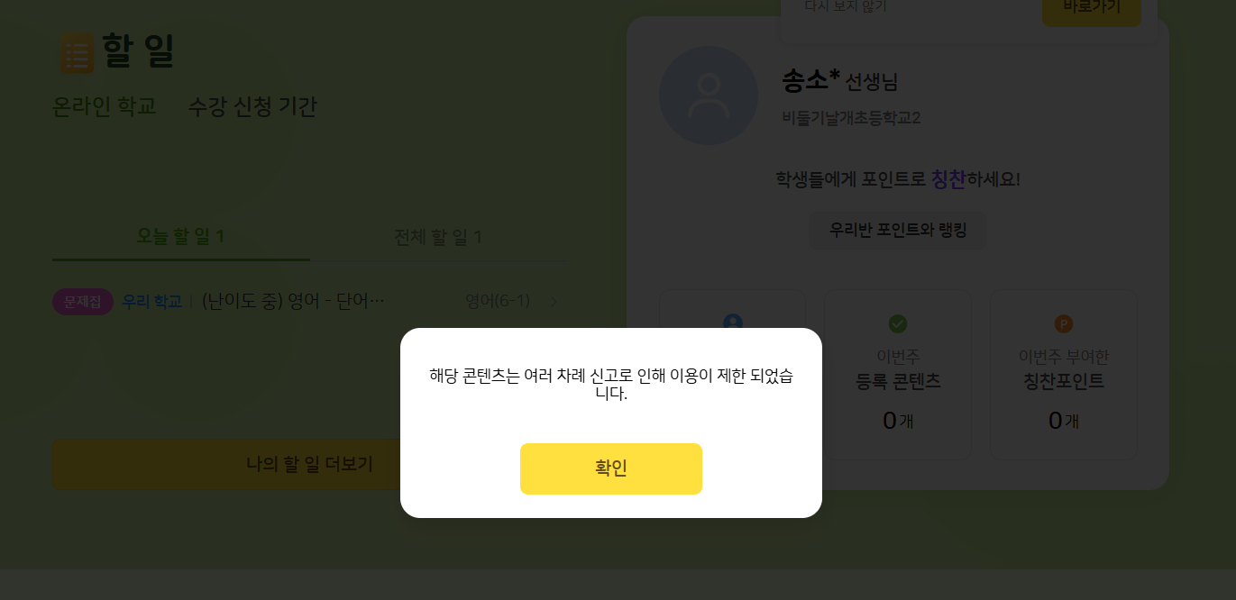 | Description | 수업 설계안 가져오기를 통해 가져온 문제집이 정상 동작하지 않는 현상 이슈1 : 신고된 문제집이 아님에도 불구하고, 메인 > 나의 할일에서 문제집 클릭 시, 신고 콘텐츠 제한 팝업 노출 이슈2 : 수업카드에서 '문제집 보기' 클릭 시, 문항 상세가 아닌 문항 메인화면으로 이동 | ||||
---
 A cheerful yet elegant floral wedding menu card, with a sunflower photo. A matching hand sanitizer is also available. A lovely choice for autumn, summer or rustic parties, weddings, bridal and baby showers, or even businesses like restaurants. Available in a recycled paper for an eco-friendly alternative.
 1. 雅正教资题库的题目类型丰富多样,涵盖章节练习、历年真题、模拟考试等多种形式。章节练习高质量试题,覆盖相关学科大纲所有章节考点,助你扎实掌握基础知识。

- **TASK INSTRUCTIONS**:
Wherever the line holding "A cheerful yet" falls in the entries above, copy exactly from it through the line holding "1. 雅正教资题库的题目类型", inclusive, and add nothing.

- **ANSWER TO THIS PROBLEM**:
 A cheerful yet elegant floral wedding menu card, with a sunflower photo. A matching hand sanitizer is also available. A lovely choice for autumn, summer or rustic parties, weddings, bridal and baby showers, or even businesses like restaurants. Available in a recycled paper for an eco-friendly alternative.
 1. 雅正教资题库的题目类型丰富多样,涵盖章节练习、历年真题、模拟考试等多种形式。章节练习高质量试题,覆盖相关学科大纲所有章节考点,助你扎实掌握基础知识。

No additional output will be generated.